### TASK DETAILS
A picture-free, exact copy of all the records below is the goal.

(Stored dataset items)
⁂

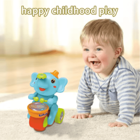 Un elefant vesel pe tricicletă atrage atenția copiilor cu designul său colorat și prietenos.
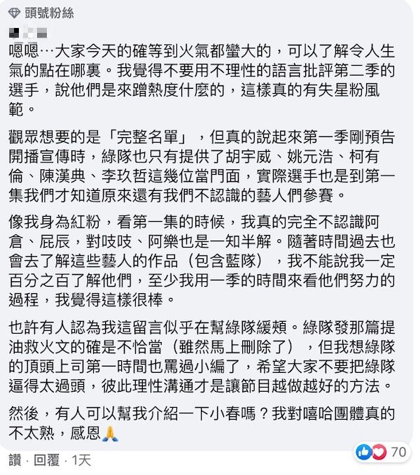 不過文末卻寫到:「至於一直謾罵狂酸的網路朋友,等一下就跟這個粉專說拜拜吧」此貼文發布後引起網友們強烈不滿,也有網友憤怒表示自己只是留言說「敲碗更多場外花絮」,就遭到粉專封鎖、刪留言,讓該網友難過表示「像被澆了一桶冷水」,這篇貼文在發布後不久也被刪除。
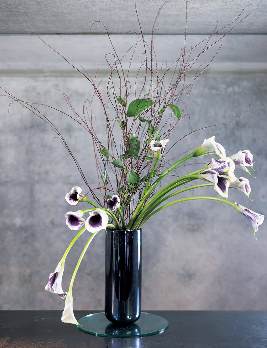 「プロジェクトマネジメントをする感覚なんですよ」と前田さん。頭の中にモダンデザインの全體像を描きながらそれぞれの花の役割を決め、個性が輝く場所を與えていきます。必ずしも花の正面を見せる必要はなく、あえて葉や莖や花の裏側の表情を見せることも。一輪挿すごとにその角度や向きで大きく変わる印象を受け止め、美しい輪郭線を見いだすことを目標に手を動かし続けます。「これで良い、ではなく、これで終わりと判斷できた瞬間がアレンジの完成です」
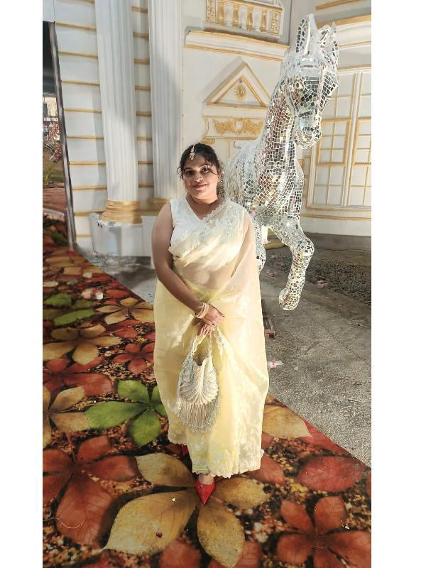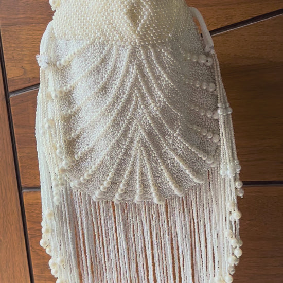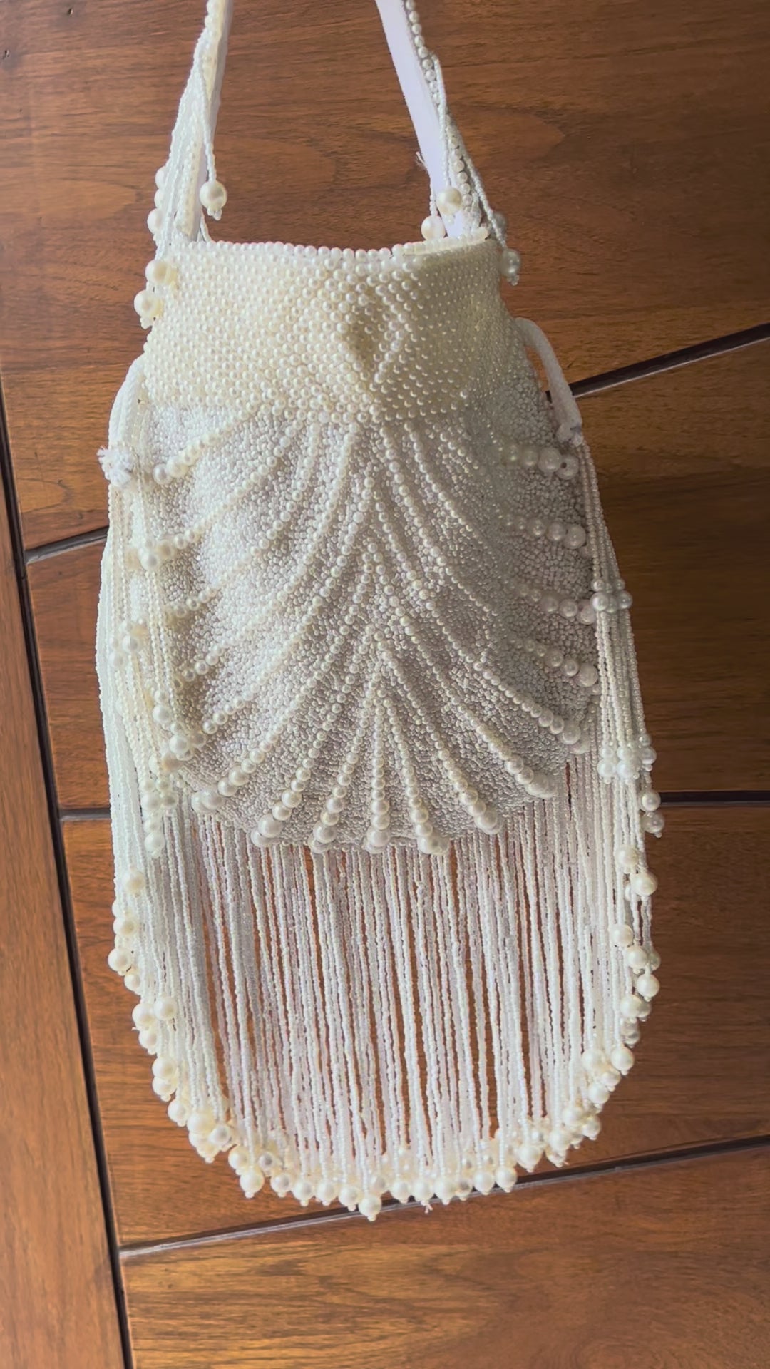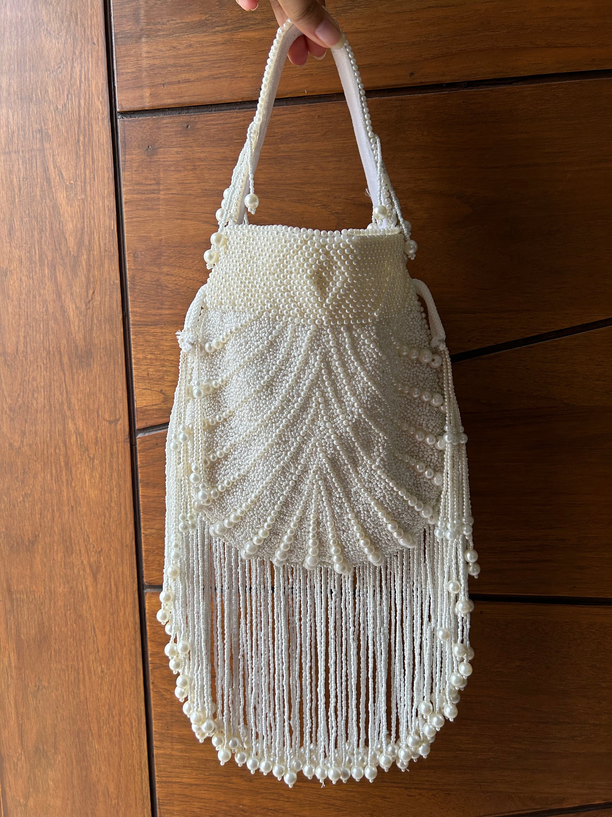 Elevate your festive and wedding looks with the Zarrah Pearl Potli — a statement of refined elegance. Adorned with delicate pearls throughout, this handcrafted potli exudes charm and grace. Its structured silhouette fits all your essentials, including a phone, while maintaining a light, sophisticated feel. Designed in a timeless ivory tone, this piece pairs beautifully with traditional and contemporary outfits alike. Whether it's a mehendi celebration or a regal reception, the Zarrah Pearl Potli adds a luminous finishing touch to your ensemble.
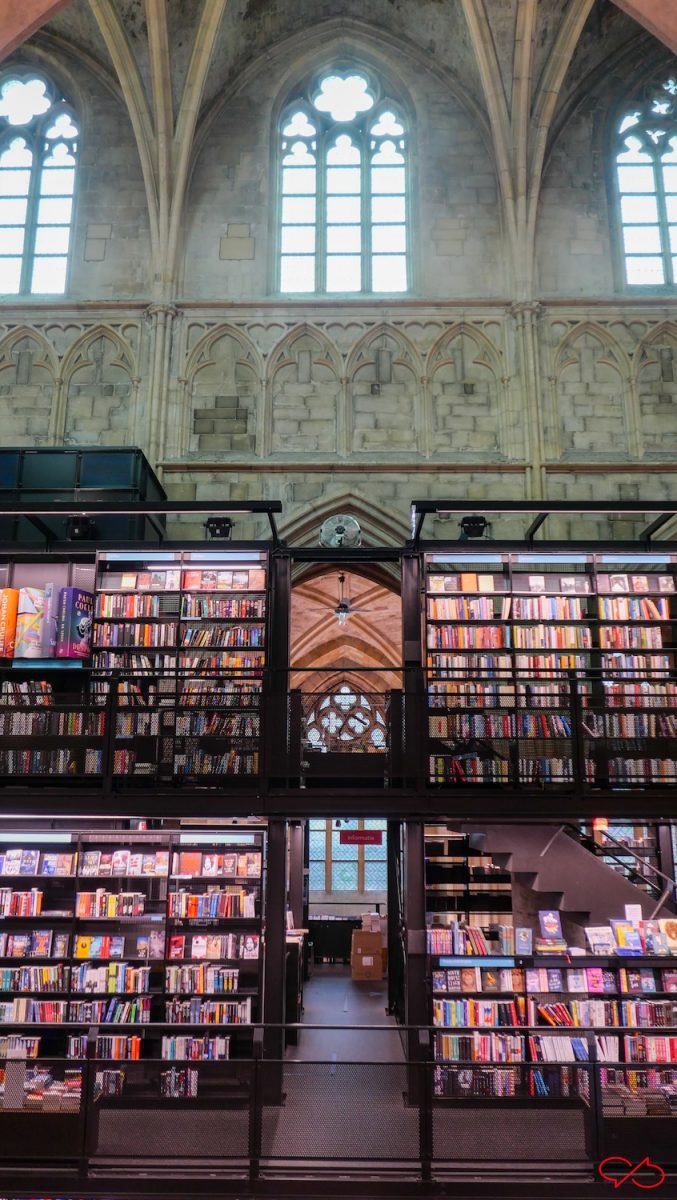Restauratie in 2005-2006. Toen ingericht als boekhandel. Boekenflats in plaats van boekenkasten. De flats staan los van de wanden en pilaren. In de apsis is een koffiegelegenheid, er hangt een enorme ronde lamp. Aan een muur hangt een banier met daarop een toepasselijk gedicht. De tekst staat bij de foto.

⁂

### RESULT
 Un elefant vesel pe tricicletă atrage atenția copiilor cu designul său colorat și prietenos.
 不過文末卻寫到:「至於一直謾罵狂酸的網路朋友,等一下就跟這個粉專說拜拜吧」此貼文發布後引起網友們強烈不滿,也有網友憤怒表示自己只是留言說「敲碗更多場外花絮」,就遭到粉專封鎖、刪留言,讓該網友難過表示「像被澆了一桶冷水」,這篇貼文在發布後不久也被刪除。
 「プロジェクトマネジメントをする感覚なんですよ」と前田さん。頭の中にモダンデザインの全體像を描きながらそれぞれの花の役割を決め、個性が輝く場所を與えていきます。必ずしも花の正面を見せる必要はなく、あえて葉や莖や花の裏側の表情を見せることも。一輪挿すごとにその角度や向きで大きく変わる印象を受け止め、美しい輪郭線を見いだすことを目標に手を動かし続けます。「これで良い、ではなく、これで終わりと判斷できた瞬間がアレンジの完成です」
 Elevate your festive and wedding looks with the Zarrah Pearl Potli — a statement of refined elegance. Adorned with delicate pearls throughout, this handcrafted potli exudes charm and grace. Its structured silhouette fits all your essentials, including a phone, while maintaining a light, sophisticated feel. Designed in a timeless ivory tone, this piece pairs beautifully with traditional and contemporary outfits alike. Whether it's a mehendi celebration or a regal reception, the Zarrah Pearl Potli adds a luminous finishing touch to your ensemble.
Restauratie in 2005-2006. Toen ingericht als boekhandel. Boekenflats in plaats van boekenkasten. De flats staan los van de wanden en pilaren. In de apsis is een koffiegelegenheid, er hangt een enorme ronde lamp. Aan een muur hangt een banier met daarop een toepasselijk gedicht. De tekst staat bij de foto.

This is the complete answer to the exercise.